3.  Take apple/onion pan and add a little more olive oil.  Sear tenderloins, turning so that all edges brown and seal.  Place tenderloins on apple/onion bed, pour extra marinade on top, and bake until pork is just barely pink in the middle, around 20-25 minutes.

4.  Slice and serve with apples and onions.  And Alex's Mayonnaise Mashed Potatoes. 

Thursday, July 1, 2010

Thoughts on the Amish

I went to Columbus yesterday to hang out with my cousin Blair, and on the drive there, I went by an Amish store.  Since I'm still thinking about packing 99% of the time, I thought it might be a good idea to stop by on the way back to get some candies and things as housewarming gifts for my host family.  Call me old fashioned, but I'm not crashing at someone's place for three months without a little something to make a good first impression.

I like taking Amish things as gifts because they're regional and because it's fun to explain Amish-ness, especially to New Yorkers and LAers (shoutout to Leslie).  I took Amish hard candies to Italy for my language partner, and we had a really hilarious conversation in broken Italian about what exactly a horse and buggy was.  I think I translated "buggy" as "insect-y" at first, but with a sketchpad and pencil, we figured it out eventually.
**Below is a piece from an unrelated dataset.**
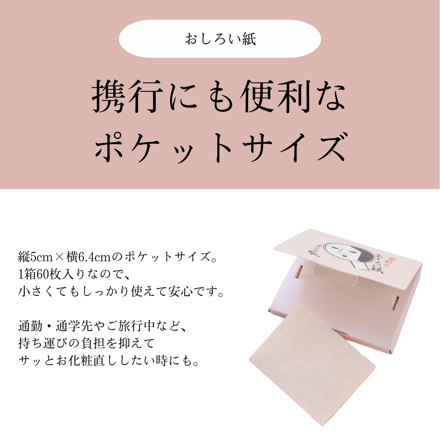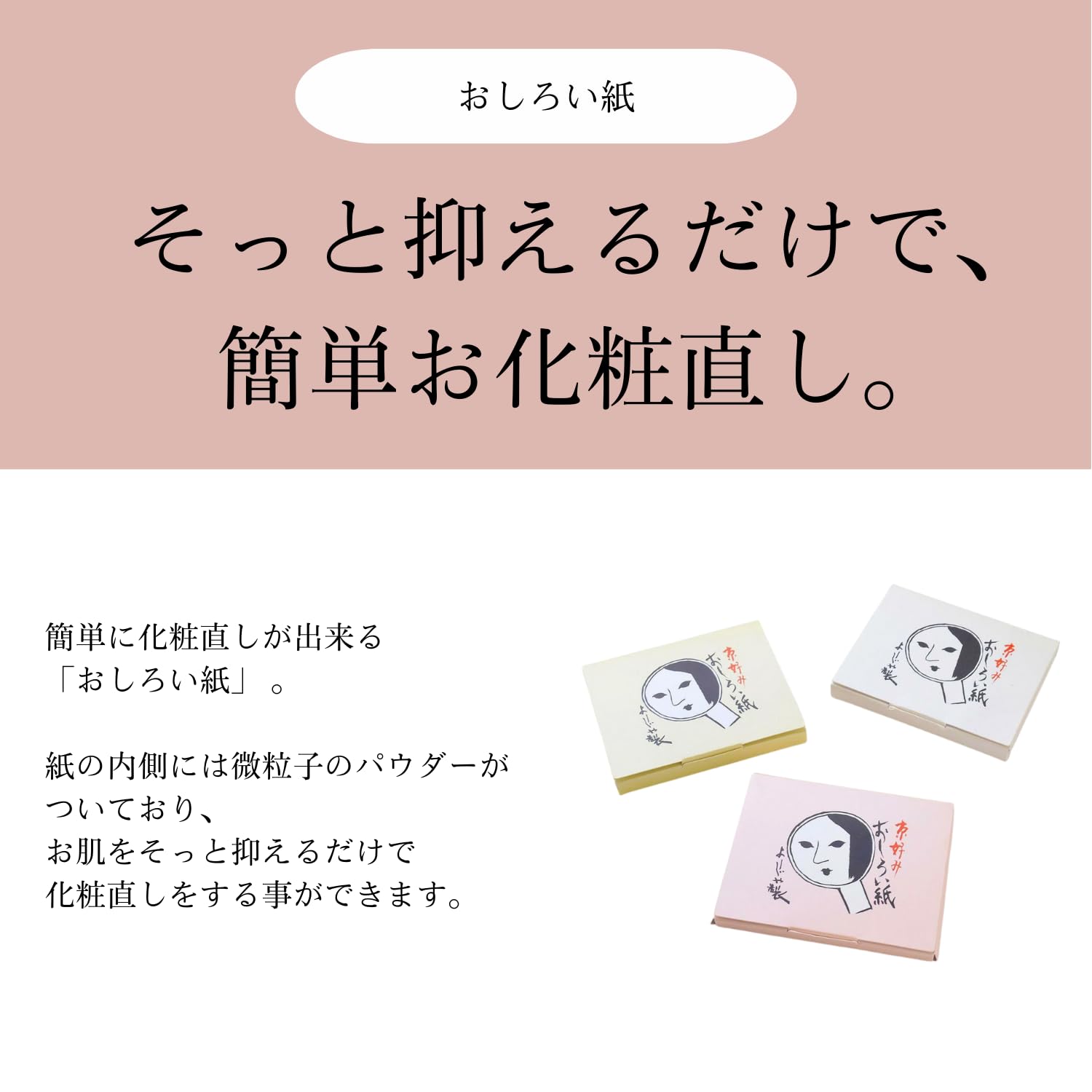 肌のあぶら浮きや化粧崩れが気になった際に、おしろい紙を肌にそっと抑えるだけで簡単にお化粧直しができます。

After I drove past the store, though, I started thinking about explaining the Amish to the Beninese in French, which was confusing -- French isn't coming any easier to me just yet.  I was mentally wrestling with the verb conjugations for "to have" when I realized something:  The Beninese people will not be impressed by the Amish.  The Amish live without electricity?  Great, so does most of the Beninese population.  They don't own cars?  Neither do we.

There are differences, obviously -- the Amish choose their lifestyle because of their religion and culture, whereas the Beninese just don't have the resources to access air conditioning and refrigerators, for example -- but the thought still kind of surprised me.  People in my hometown see the Amish as a kind of quaint but wacky subculture -- good for tourism, but why in the world would you not use a dishwasher?  But to the Beninese, non-electricity-using houses are way more of the norm, computers are still fairly confusing, and all-in-all, the Amish lifestyle doesn't seem all that surprising.

Basically, I'm going to need better host gifts.